Actually, I’m not convinced that civilization will collapse as completely as Tyler Durden predicted. I don’t think that’d be either possible or beneficial. Momentum counts for a lot, as does human nature and human desires. We’ll always have technology, specialization, cities, and complex social structures. But all of the above will be smaller, more distributed, more “people-powered”… more “human-scale”. That’s a positive thing.

Civilization is in for a long-overdue (and probably very dramatic) “correction”. At the end of it, the world will be the kind of place in which I, personally, will feel much more comfortable.

While somewhat more serene, I’m not yet optimistic, because I’m not at all convinced that the transition will be peaceful. Things could get very ugly before they get any better. But, then again, maybe not. Either way, I think we’ll survive it

At least, I can hope so, and try to do my part, and that’s all.

Vegetables

October 5, 2007

For almost a year, I’ve been gradually removing meat from my diet, and eating vegetarian.

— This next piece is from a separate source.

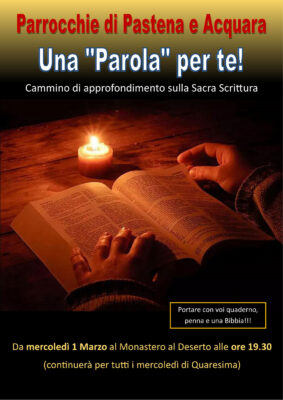 Per centrare sempre più la nostra vita sulla Parola di Dio e nella Parola di Dio, abbiamo iniziato mercoledì 1 marzo e si continuerà per tutti i mercoledì di Quaresima, al Monastero al Deserto, alle ore 19:30, un cammino sulla Sacra Scrittura: “Una Parola per te” per lasciarci leggere la nostra vita dalla Parola di Dio e per rendere la Parola di Dio la verità più profonda della nostra esistenza, siamo aiutati dal nostro parroco, da suor Maria Emmanuel e da suor Maria Luciana, ci aiutano a ricevere strumenti per stare sulla Parola e farla risuonare nella nostra vita!

I noticed something amazing: after snacking on a bunch of raw green vegetables (peas, green beans, broccoli, whatever), I’m not hungry anymore. I feel completely full. This surprised me. I always thought that meat was the only “real” food that could fill me up and make me feel like I’ve eaten, and I’m notorious for being able to gorge on carbs (bread! huge plates of pasta! crackers! bread!!). But after only a little bit of peas/beans/etc, I’m done, I’ve eaten.

Another nice thing is that I don’t have to cook much anymore. Unlike meat or grains or fish, vegetables don’t actually have to be prepared in order for humans to digest them. They are safe to eat raw. So I do. This saves a lot of time.

Finally, I still love wild-caught fish, and whenever I buy, cook, and eat it, I do so enthuiastically. And when I get the rare opportunity to have a burger or some chicken or steak, I take it. Pizza with pepperoni is goood. So I’m not a purist by any stretch. But for the first time in my life, I can actually imagine living off of lentils, rice, and green veggies.